He decides to go to Hyderabad to try his luck in films without informing anyone. On his way to Hyderabad, he runs into Sindhu again and tries to take a selfie with her and sends it to his friend Babji. He reaches Hyderabad and roams around the city for opportunities in films. He soon realizes that it is going to be a tough job and decides to return to his village. As soon as he arrives in the village, he is surrounded by his father and a group of villagers, who accuses him of eloping with Sindhu. Her father threatens him to tell the whereabouts of his daughter. Otherwise, he would complain to the police. He pleads for his innocence, but nobody listens. He calls up his friend Babji to know the actual reason for all the chaos. Babji reveals that he spread the news in the village that they both eloped when encountered with an unavoidable situation. They both escape to Hyderabad again to find Sindhu and bring her back to the village to prove their innocence.

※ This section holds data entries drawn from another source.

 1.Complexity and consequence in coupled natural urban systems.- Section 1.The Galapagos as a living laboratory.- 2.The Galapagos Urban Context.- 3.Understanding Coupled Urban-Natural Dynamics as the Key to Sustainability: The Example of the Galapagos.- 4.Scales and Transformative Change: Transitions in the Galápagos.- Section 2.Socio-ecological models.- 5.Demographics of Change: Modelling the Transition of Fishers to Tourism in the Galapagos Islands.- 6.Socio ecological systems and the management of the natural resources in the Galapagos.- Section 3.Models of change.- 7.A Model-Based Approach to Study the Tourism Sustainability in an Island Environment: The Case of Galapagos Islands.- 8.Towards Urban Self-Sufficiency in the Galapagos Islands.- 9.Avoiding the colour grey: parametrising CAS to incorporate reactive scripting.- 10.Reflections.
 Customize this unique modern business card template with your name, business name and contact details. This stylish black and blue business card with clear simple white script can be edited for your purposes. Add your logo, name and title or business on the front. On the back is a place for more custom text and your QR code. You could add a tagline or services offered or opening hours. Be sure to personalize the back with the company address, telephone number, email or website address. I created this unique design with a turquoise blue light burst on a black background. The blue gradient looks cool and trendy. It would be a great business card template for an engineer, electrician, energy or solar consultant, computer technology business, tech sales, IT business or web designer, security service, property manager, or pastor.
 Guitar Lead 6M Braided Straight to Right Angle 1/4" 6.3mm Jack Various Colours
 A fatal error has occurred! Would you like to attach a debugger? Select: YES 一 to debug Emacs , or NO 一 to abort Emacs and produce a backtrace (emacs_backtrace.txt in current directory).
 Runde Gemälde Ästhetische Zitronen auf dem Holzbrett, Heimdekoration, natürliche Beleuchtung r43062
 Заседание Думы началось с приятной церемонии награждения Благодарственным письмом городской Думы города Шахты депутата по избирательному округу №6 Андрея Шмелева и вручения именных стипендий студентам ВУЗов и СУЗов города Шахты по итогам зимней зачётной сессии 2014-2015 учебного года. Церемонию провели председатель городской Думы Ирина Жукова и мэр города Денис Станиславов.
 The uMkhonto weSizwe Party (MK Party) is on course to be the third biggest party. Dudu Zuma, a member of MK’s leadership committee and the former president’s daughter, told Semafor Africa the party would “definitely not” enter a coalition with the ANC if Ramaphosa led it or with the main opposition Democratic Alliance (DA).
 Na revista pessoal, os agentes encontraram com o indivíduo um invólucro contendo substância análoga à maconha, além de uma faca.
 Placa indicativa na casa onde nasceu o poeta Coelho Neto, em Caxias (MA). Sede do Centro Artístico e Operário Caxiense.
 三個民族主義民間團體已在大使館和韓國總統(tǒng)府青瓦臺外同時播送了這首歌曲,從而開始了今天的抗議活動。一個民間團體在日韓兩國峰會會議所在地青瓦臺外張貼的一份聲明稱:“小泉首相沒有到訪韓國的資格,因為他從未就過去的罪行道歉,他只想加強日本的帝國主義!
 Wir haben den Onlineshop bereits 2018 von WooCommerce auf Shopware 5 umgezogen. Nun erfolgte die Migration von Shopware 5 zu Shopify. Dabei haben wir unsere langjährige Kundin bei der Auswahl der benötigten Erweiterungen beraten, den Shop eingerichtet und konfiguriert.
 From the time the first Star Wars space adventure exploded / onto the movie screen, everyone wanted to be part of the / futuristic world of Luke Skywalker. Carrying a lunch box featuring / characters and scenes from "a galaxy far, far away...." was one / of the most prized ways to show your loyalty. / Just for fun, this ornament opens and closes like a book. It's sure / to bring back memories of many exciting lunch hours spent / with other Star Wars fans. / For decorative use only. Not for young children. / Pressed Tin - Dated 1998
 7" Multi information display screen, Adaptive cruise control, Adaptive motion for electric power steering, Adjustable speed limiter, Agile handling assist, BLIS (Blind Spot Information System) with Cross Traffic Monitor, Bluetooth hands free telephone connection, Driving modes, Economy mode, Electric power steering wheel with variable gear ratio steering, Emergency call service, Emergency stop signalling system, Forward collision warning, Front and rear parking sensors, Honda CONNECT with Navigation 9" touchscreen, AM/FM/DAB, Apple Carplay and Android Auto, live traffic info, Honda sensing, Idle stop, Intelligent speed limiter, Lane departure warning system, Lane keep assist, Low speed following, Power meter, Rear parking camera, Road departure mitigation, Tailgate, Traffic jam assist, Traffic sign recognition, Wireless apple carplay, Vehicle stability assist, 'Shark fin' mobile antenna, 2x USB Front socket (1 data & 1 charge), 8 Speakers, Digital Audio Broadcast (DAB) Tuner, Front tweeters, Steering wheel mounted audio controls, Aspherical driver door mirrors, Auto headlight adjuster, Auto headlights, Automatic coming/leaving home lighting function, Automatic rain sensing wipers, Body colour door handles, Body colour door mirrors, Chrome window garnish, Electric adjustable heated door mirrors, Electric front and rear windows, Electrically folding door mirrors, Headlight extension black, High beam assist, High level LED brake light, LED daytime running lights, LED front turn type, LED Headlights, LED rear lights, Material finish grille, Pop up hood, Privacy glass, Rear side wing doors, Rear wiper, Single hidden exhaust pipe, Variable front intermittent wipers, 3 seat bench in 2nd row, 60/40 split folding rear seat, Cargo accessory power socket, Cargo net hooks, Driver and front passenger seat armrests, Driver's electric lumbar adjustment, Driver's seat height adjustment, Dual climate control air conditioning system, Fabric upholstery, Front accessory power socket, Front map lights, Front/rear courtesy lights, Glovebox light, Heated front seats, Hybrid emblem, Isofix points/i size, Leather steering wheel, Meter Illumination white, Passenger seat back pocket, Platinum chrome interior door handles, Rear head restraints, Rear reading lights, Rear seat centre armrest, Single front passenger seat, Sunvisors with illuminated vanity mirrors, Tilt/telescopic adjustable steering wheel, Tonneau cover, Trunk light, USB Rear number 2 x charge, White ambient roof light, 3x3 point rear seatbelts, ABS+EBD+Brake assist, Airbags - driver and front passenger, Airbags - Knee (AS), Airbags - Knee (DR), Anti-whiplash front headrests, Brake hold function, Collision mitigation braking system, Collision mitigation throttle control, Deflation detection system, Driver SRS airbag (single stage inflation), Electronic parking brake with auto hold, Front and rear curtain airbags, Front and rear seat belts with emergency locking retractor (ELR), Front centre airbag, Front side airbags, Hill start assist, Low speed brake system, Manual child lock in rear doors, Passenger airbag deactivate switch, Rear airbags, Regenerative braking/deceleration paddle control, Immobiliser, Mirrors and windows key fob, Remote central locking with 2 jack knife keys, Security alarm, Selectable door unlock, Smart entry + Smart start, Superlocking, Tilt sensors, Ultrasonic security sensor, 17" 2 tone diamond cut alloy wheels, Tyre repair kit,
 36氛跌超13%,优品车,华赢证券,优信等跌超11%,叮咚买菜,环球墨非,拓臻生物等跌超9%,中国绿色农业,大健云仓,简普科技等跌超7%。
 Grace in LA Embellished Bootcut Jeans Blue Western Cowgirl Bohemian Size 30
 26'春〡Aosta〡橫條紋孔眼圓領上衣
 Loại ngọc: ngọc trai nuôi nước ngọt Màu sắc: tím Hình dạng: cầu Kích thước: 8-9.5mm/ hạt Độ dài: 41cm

Srinu remembers Sindhu telling him that she was going for an interview at a company called Max Infotech. But they couldn't find her. Meanwhile, a police warrant is issued against them by the villagers for kidnapping Sindhu. They run into a private detective, Yugandhar, on one of their searching spree who offers his help finding her. Yugandhar finds her and brings her to his office. She reveals that she fled from home to escape a forcible marriage proposal arranged by her parents. She came to meet Hari Narayana, whom she met online. They never meet face to face. She claims that she is regularly chatting with Hari. Yugandhar finds out that Hari has actually committed suicide one year ago. However, she does not believe them. She wants to find out the truth on her own. With the help of some of Hari's friends and acquaintances, they find out his native place. They travel to his native place and witnesses his one-year death anniversary proceedings.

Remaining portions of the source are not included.